Required work. What you write must be the lines from the one holding "Swoon lenestol fra" through the final line of the records below, reproduced exactly, minus the pictures.

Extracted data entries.

•••

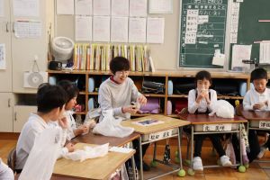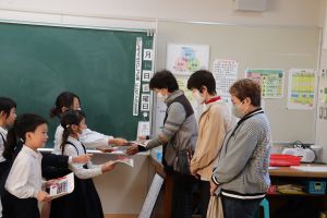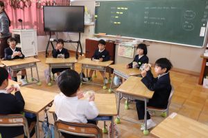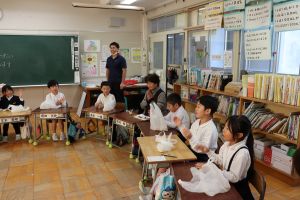 2年生の教室では、さつまいもの苗植えや芋ほりにお手伝いいただいた山先さん、西田さん、村本さんをお招きして一緒に茶巾しぼりをいただきました。
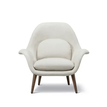 Swoon lenestol fra Fredericia Furniture er en komfortabel og organisk lenestol designet av Space Copenhagen. Skallet er laget i ett stykke hvor armlener og rygg danner en elegant skulpturel form, som skaper en moderne men samtidig innbydende silhuett. Swoon lenestol er tilgjengelig i flere trekk, puter og benutførelser, noe som gjør det enkelt å tilpasse den etter hjemmets stil. Med sitt ergonomiske sitteskall og myke pute tilbyr Swoon en luksuriøs komfort og blir et naturlig sted for avslapning i stuen.
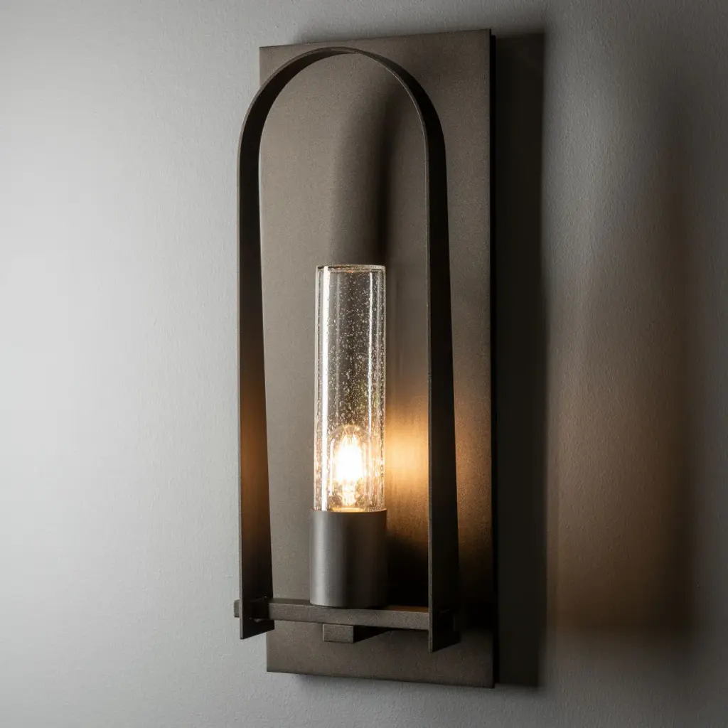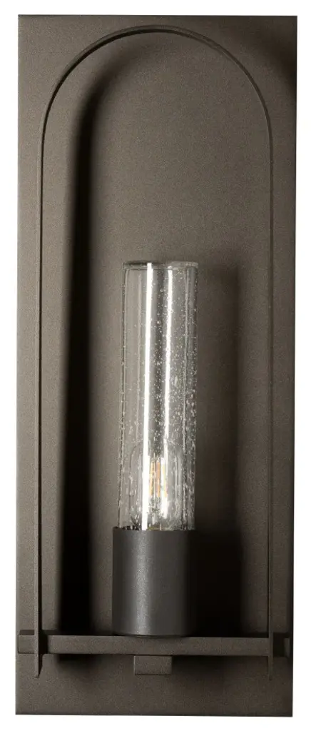 The Triomphe Outdoor Sconce features a classically arched shape and details that reference craftsman tenons according to Designer David Martin. The Triomphe''s elegant clear seeded or opal cylinder glass shade is accented with a graceful, handcrafted arch on an aluminum backplate, and any of our robust AAMA-rated Coastal Outdoor Finishes.Features:Handmade to order in Vermont, USALifetime Limited WarrantyTransitional exterior wall sconce with finish and glass optionsAAMA-ratedRequires 1 BT15 E26 Medium Replaceable Bulb(s) (60 max wattage) (Not Included)
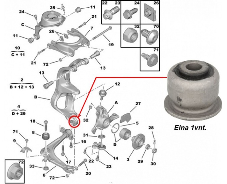 Rekomendacija: Keičiant valdymo svirties įvores, patartina jas keisti poromis abiejose automobilio pusėse, kad būtų užtikrintas tolygus pakabos darbas ir ratų suvedimo stabilumas.
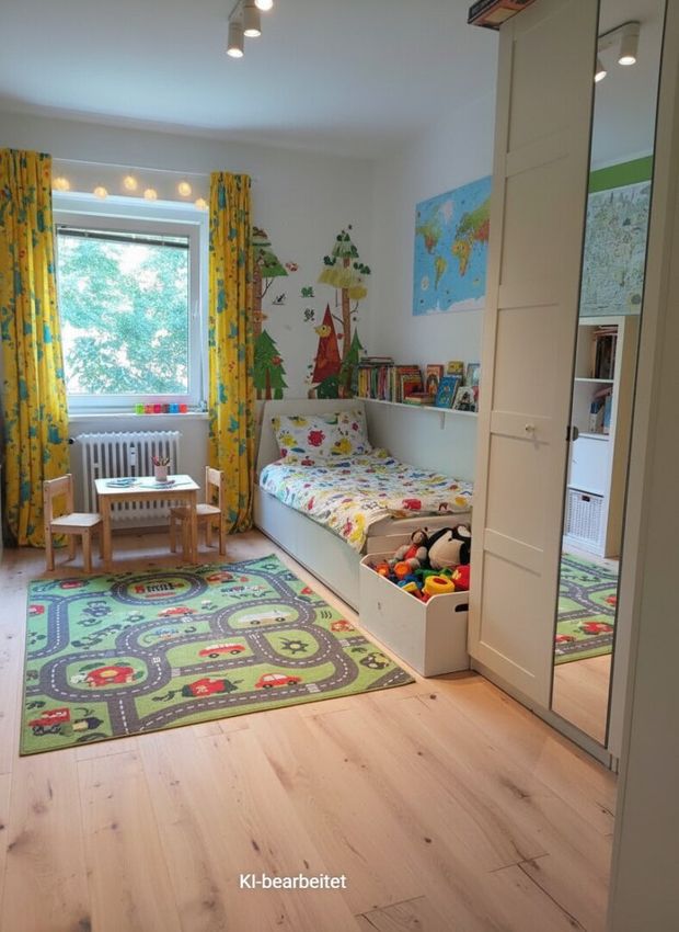 • Holzfußboden (Parkett) in der gesamten Wohnung; Bodenversiegelung und -nivellierung + Fliesen, teils neue Möbel, neue Elektrik; alles neu saniert 2025;

•••

Response to this task.
 Swoon lenestol fra Fredericia Furniture er en komfortabel og organisk lenestol designet av Space Copenhagen. Skallet er laget i ett stykke hvor armlener og rygg danner en elegant skulpturel form, som skaper en moderne men samtidig innbydende silhuett. Swoon lenestol er tilgjengelig i flere trekk, puter og benutførelser, noe som gjør det enkelt å tilpasse den etter hjemmets stil. Med sitt ergonomiske sitteskall og myke pute tilbyr Swoon en luksuriøs komfort og blir et naturlig sted for avslapning i stuen.
 The Triomphe Outdoor Sconce features a classically arched shape and details that reference craftsman tenons according to Designer David Martin. The Triomphe''s elegant clear seeded or opal cylinder glass shade is accented with a graceful, handcrafted arch on an aluminum backplate, and any of our robust AAMA-rated Coastal Outdoor Finishes.Features:Handmade to order in Vermont, USALifetime Limited WarrantyTransitional exterior wall sconce with finish and glass optionsAAMA-ratedRequires 1 BT15 E26 Medium Replaceable Bulb(s) (60 max wattage) (Not Included)
 Rekomendacija: Keičiant valdymo svirties įvores, patartina jas keisti poromis abiejose automobilio pusėse, kad būtų užtikrintas tolygus pakabos darbas ir ratų suvedimo stabilumas.
 • Holzfußboden (Parkett) in der gesamten Wohnung; Bodenversiegelung und -nivellierung + Fliesen, teils neue Möbel, neue Elektrik; alles neu saniert 2025;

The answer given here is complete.